Wii's online digital store is about to become an open shop. Nintendo's (OTC: NTDOY.PK) next-generation gaming platform is looking to share the fat margin wealth of digital delivery to aspiring game developers with its WiiWare initiative.

Over the past few months, Nintendo has been loading its virtual storefront with throwback classics, priced for as little as $5 a download. There is no physical inventory to stock, products to ship, or retailer returns to worry about. Beyond the small cost of delivering the game files, transactions are mostly gravy.

Nintendo isn't the first video game maker to cash in on the magic of digital delivery. Microsoft's (NASDAQ:MSFT) Xbox set the standard with its Xbox Live interface. Sony (NYSE:SNE) also isn't going to let the opportunity get away. In fact, Sony and Microsoft are shifting to fatter hard drives to store even more games, music, and video content that they will actively peddle in the future.

Microsoft has already moved to sell game enhancements to existing titles through Xbox Live. It's a revenue channel so lucrative that Microsoft will pay $50 million to Take-Two Interactive (NASDAQ:TTWO) for a pair of follow-up episodes to the upcoming Grand Theft Auto IV game.

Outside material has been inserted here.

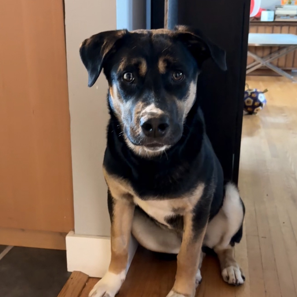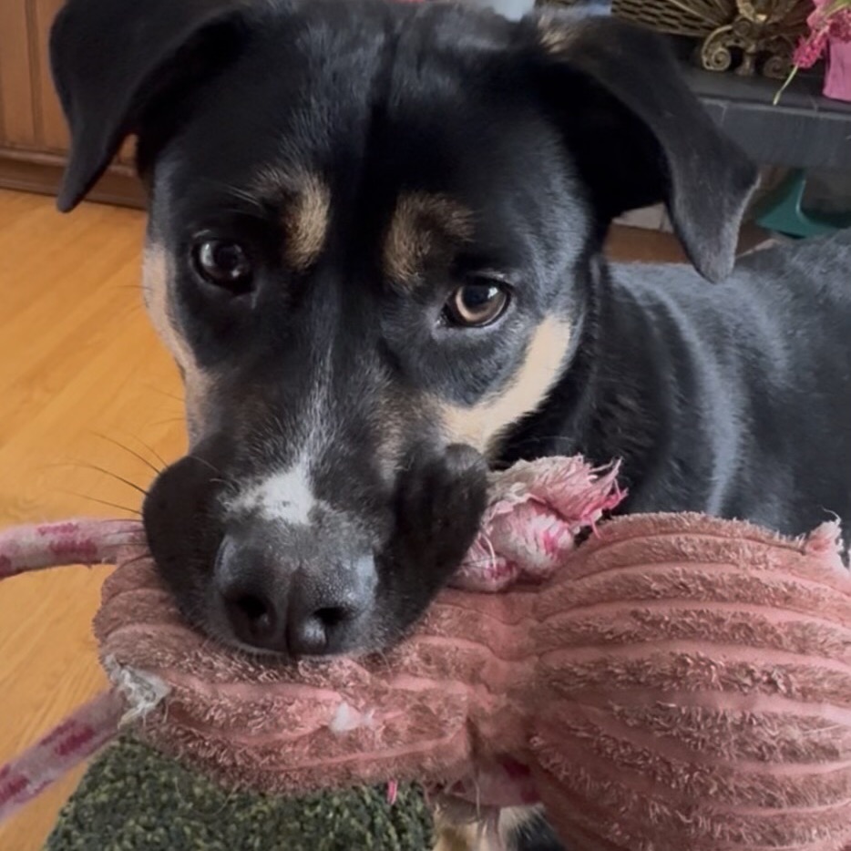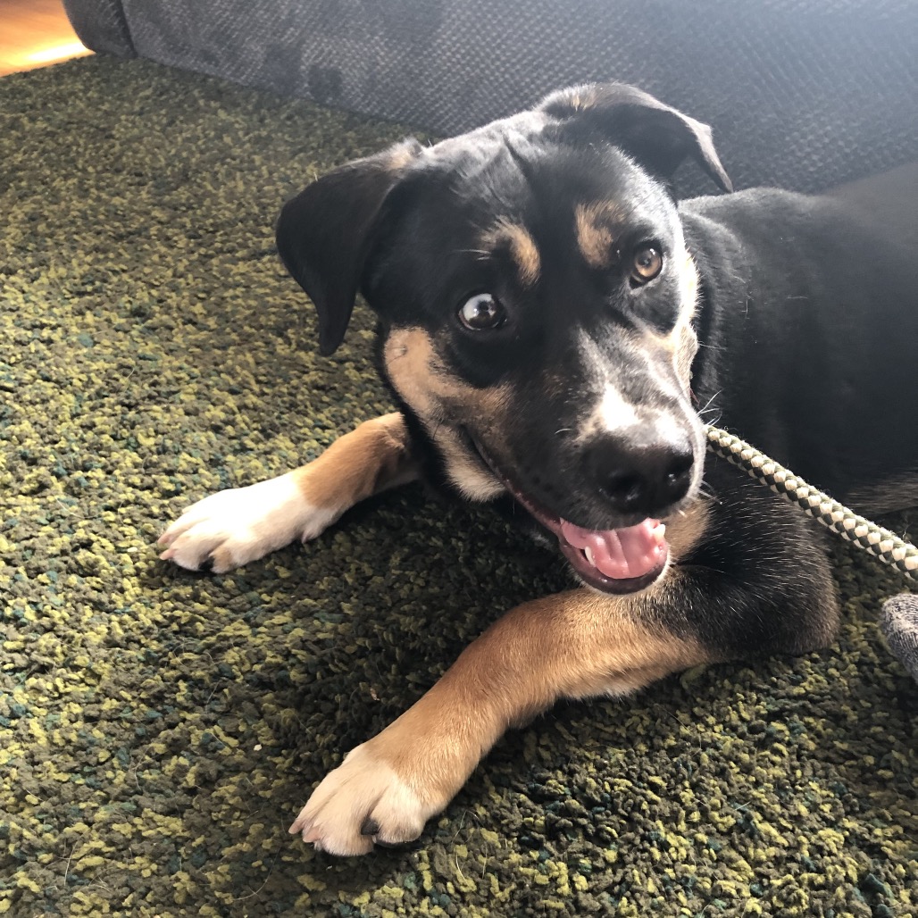 Hi, I’m Timbit! Don’t let my one, two coloured eye fool you, I can see you just fine! I am fairly new to SCARS, and am lucky to get right into a foster home and boy am I having fun! My foster brother, Buddy, tries to keep up with me, but being that I’m still a puppy, not quite a match for my energy. I am learning quickly how to be respectful though. There’s a couple felines in the house and they’re alright, not quite sure what they’re about yet, I am a bit curious, but on my best behaviour. My foster dad says I am doing very well learning to walk on a leash, some might even say I am almost a pro….almost I love my food and love my treats so if those are involved, I will do almost anything!! I quickly figured out this crate thing, no big deal for a smart pup like me. One thing I absolutely love to pets and cuddles. Just don’t stop, ok? If you are looking for a fun, loving, high energy pup to fill your home with all the love, hit the apply button below and let’s meet! ~ Timbit 🐾

If there is any surprise here with Nintendo's announcement, it's that the company's Wii ships with much smaller storage capacity than its peers.

Nintendo's move will give developers -- especially small ones that may not have the finances to bankroll a costly physical release -- a shot at cashing in on the hottest next-generation console.

Yes, even now -- long after the 2006 holiday rush has come and gone -- it's awfully hard to find a Wii console in stock. Amazon.com (NASDAQ:AMZN) has plenty of PS3 and Xbox 360 systems in its warehouse, but Wii shoppers are down to paying well above retail to get a console from a third-party seller.

Nintendo's move to embrace budding developers, even as its own star is shining brighter, is admirable. It just goes to show that you're never too big to think small.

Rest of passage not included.